Learning effective representations for Chinese characters presents unique challenges, primarily due to the vast number of characters and their continuous growth, which requires models to handle an expanding category space. Additionally, the inherent sparsity of character usage complicates the generalization of learned representations. Prior research has explored radical-based sequences to overcome these issues, achieving progress in recognizing unseen characters. However, these approaches fail to fully exploit the inherent tree structure of such sequences. To address these limitations and leverage established data properties, we propose Formation Tree-CLIP (FT-CLIP). This model utilizes formation trees to represent characters and incorporates a dedicated tree encoder, significantly improving performance in both seen and unseen character recognition tasks. We further introduce masking for to both character images and tree nodes, enabling efficient and effective training. This approach accelerates training significantly (by a factor of 2 or more) while enhancing accuracy. Extensive experiments show that processing characters through formation trees aligns better with their inherent properties than direct sequential methods, significantly enhancing the generality and usability of the representations.
Paper Structure (35 sections, 4 equations, 5 figures, 3 tables)

This paper contains 35 sections, 4 equations, 5 figures, 3 tables.

Figures (5)

  • Figure 1: Illustration of radical-based sequences, which preserves the hierarchical knowledge in the form of the decomposition tree.

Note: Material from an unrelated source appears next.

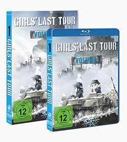 Universum Anime veröffentlicht die zwölf Folgen von GIRLS' LAST TOUR auf drei DVD- und Blu-ray-Volumes: Volume 1 mit den Episoden 1 bis 4 ist ab dem 30. November 2018 erhältlich, Volume 2 folgt bereits im Dezember. Als Extras führt Volume 1 japanische Original-Trailer sowie textlose Versionen der Opening- und Ending Songs Ugoku, ugoku und More One Night mit sich. Letzere wurden von Inori Minase und Yurika Kubo eingesungen, den japanischen Stimmen von Chito und Yuuri, die hiesigen Anime-Fans beispielsweise auch als Hestia und Loki aus der Fantasy-Serie DANMACHI - IS IT WRONG TO TRY TO PICK UP GIRLS IN A DUNGEON? bekannt sind. Auf Deutsch schlüpfen Leonie Landa (u. a. Lotta Otus in ACCA: 13-TERRITORY INSPECTION DEPT.) und Katrin Heß (u. a. Hestia in DANMACHI) in die Rollen des dynamischen Protagonistinnen-Duos.

Existing approach encode them in a sequential manner using look-ahead mask, while our approach transform the decomposition tree into a formation tree with fixed edge direction and formation type-related edge attributes.
  • Figure 2: FT-CLIP jointly trains Image Encoder and Tree Encoder to predict the correct pairings of a batch of training examples. ViT is employed as image encoder with random masking, a novel Formation-Tree Transformer is proposed as tree encoder.
  • Figure 3: Twelve formation types used in FT-CLIP are defined in the top line, while the corresponding examples are illustrated below them. The bottom illustrates the azimuths as the red part of each corresponding formation type. Azimuth names are defined based on the abbreviations of their corresponding formation type and their indexes in corresponding formations.
  • Figure 4: An illustration of the proposed SubTree Encoding and Azimuth Encoding in our tree encoder. SubTree Encoding limits the self-attention to a node and its direct children, ignoring all other nodes (marked with grey). The type of edge between a node and its children is defined by the azimuth of the child node. Azimuth Encoding utilizes the azimuth of each node, as an additional feature of the node embedding.
  • Figure 5: Accuracy vs. training time trade-off by image mask ration in detail. Four kinds of mask ratios are tested in five different cases of character zero-shot recognition tasks. Different mask ratios are marked with different colors. $m$ indicates the total number of categories of characters are served as training samples. In each group of experiments, all parameters remain constant, except for the mask ratio.